- The Washington Times - Wednesday, August 9, 2017

U.S. Rep. Lou Correa is defending a student painting hanging in his office that depicts the Statue of Liberty wearing a hijab, despite allegations that it violates the separation of church and state.

The painting, which was a fourth-place finalist in the annual student Congressional Art Competition, currently hangs in Mr. Correa’s Santa Ana, California, office. A Claremont-based activist group called We the People Rising recently spoke with the Democrat’s staff, calling the painting’s presence in a congressman’s office “reprehensible” and “more than a little bit insulting,” according to a YouTube video of the meeting posted by the activist group.
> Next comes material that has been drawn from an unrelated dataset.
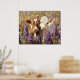Esta trabalho de arte encantadora mostra os adoráveis bezerros de vacas leiteiras em pé no meio de um campo vibrante de flores lupinas floridas. As cores suaves e a configuração de fazenda rústica criam uma cena de país charmosa e pitoresca.
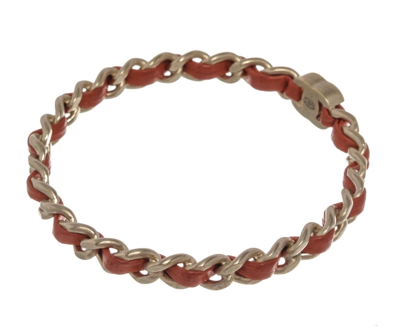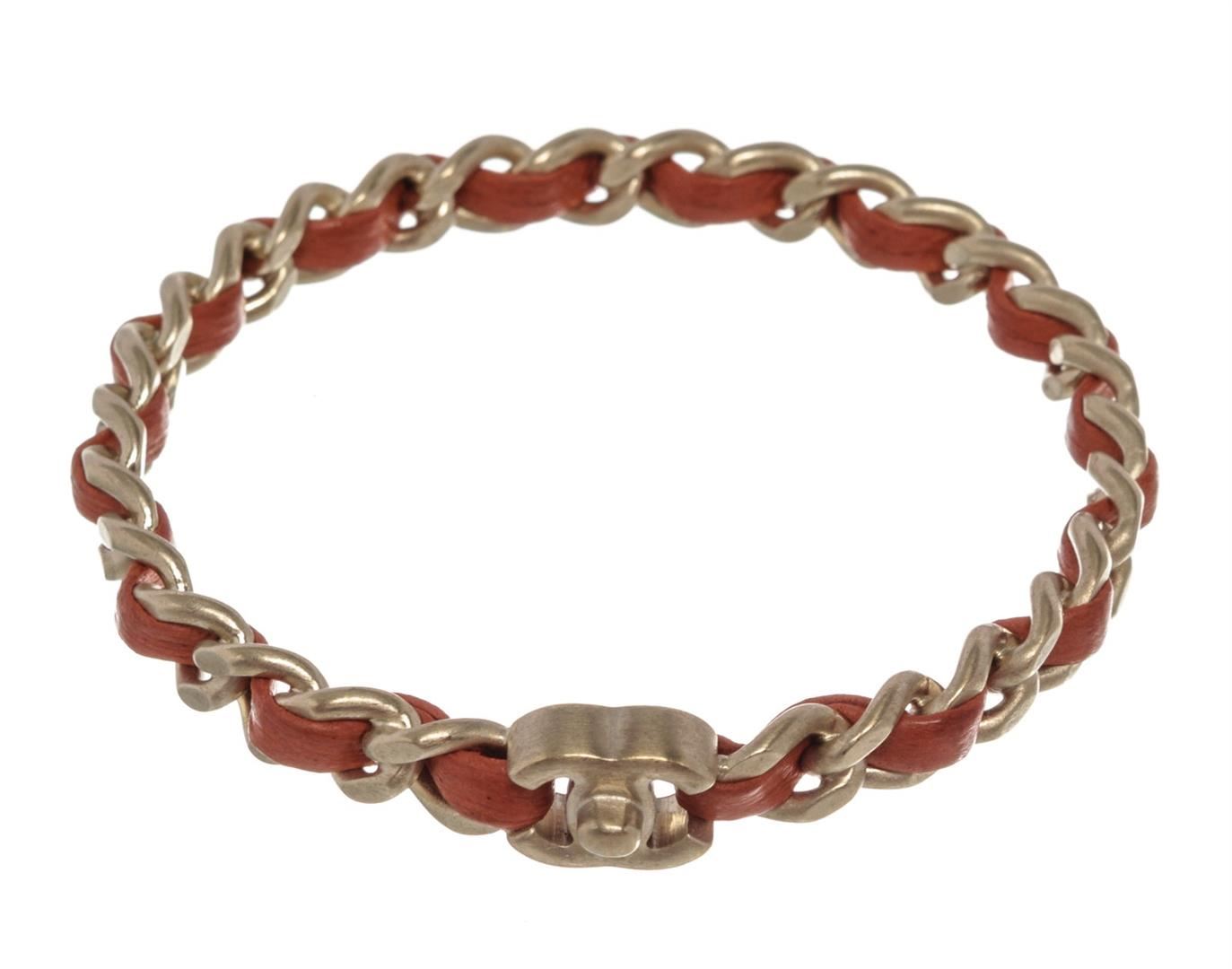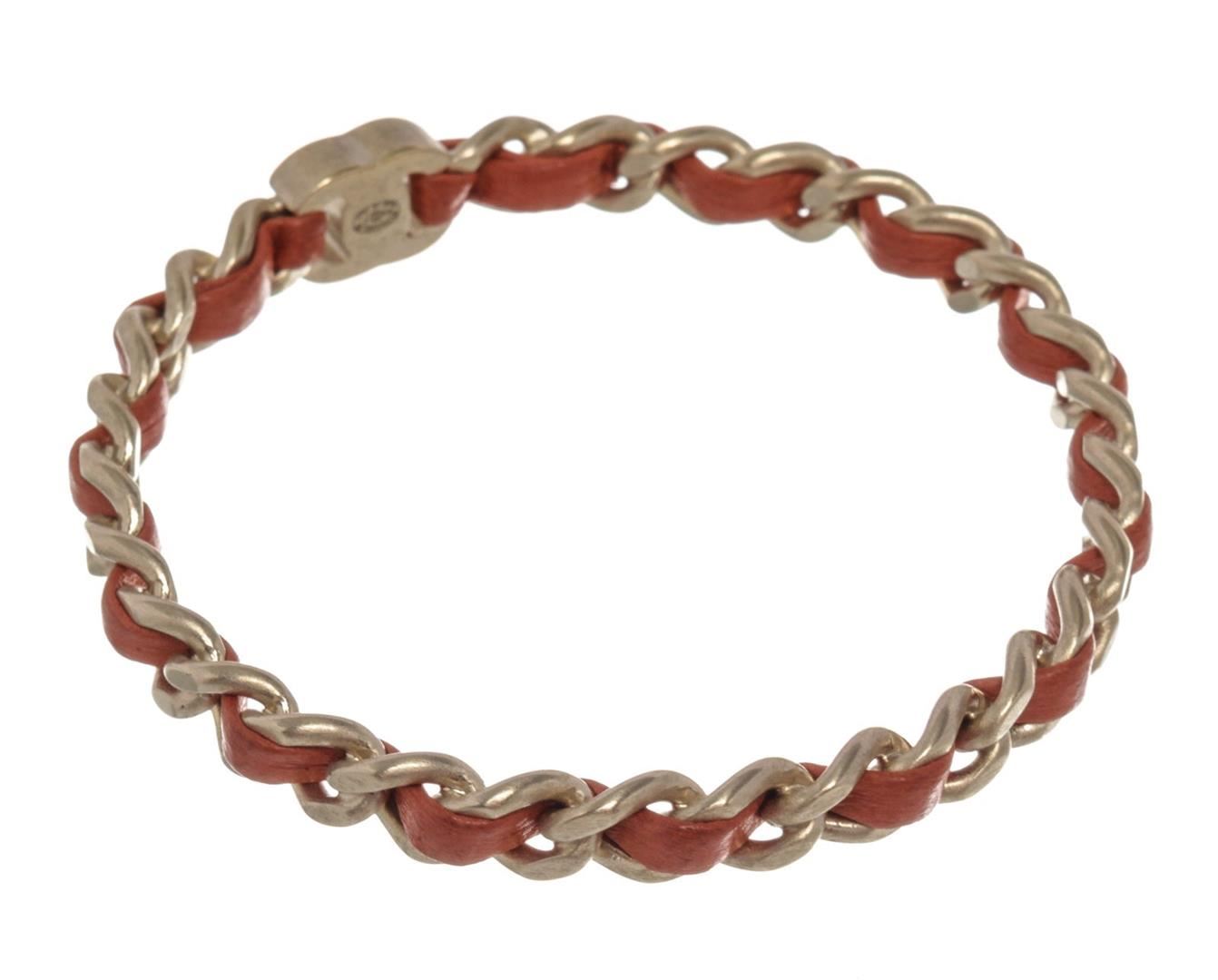 One Chanel Red Leather Woven Silver-tone Chain-link CC Bangle Bracelet. Item is sold AS-IS. Please check photos and descriptions for all available details. Red leather woven chain-link Chanel CC bangle bracelet with CC logo and silver-tone hardware.

In a July letter to Mr. Correa, We the People Rising member Mike McGetrick wrote that attributing a specific religion to the Statue of Liberty is “inaccurate, unprofessional and offensive” and has no place in a government official’s office.

Mr. Correa said the backlash prompted him to contact the House Office of General Counsel, which told him there was no legal issue with the painting staying put, the Orange County Register reported.

On Tuesday, Mr. Correa announced on Facebook that the painting will remain.

“The Statue of Liberty stands for inclusion, acceptance, and freedom,” the congressman wrote. “The young woman who painted this is trying very hard to show people that she is an American. If I took down her painting, I’d be telling the world her experiences don’t matter and she did something wrong. This is her country too, and she earned that spot on my wall.”

We the People Rising is now reportedly planning a Sept. 11 protest at Mr. Correa’s district office.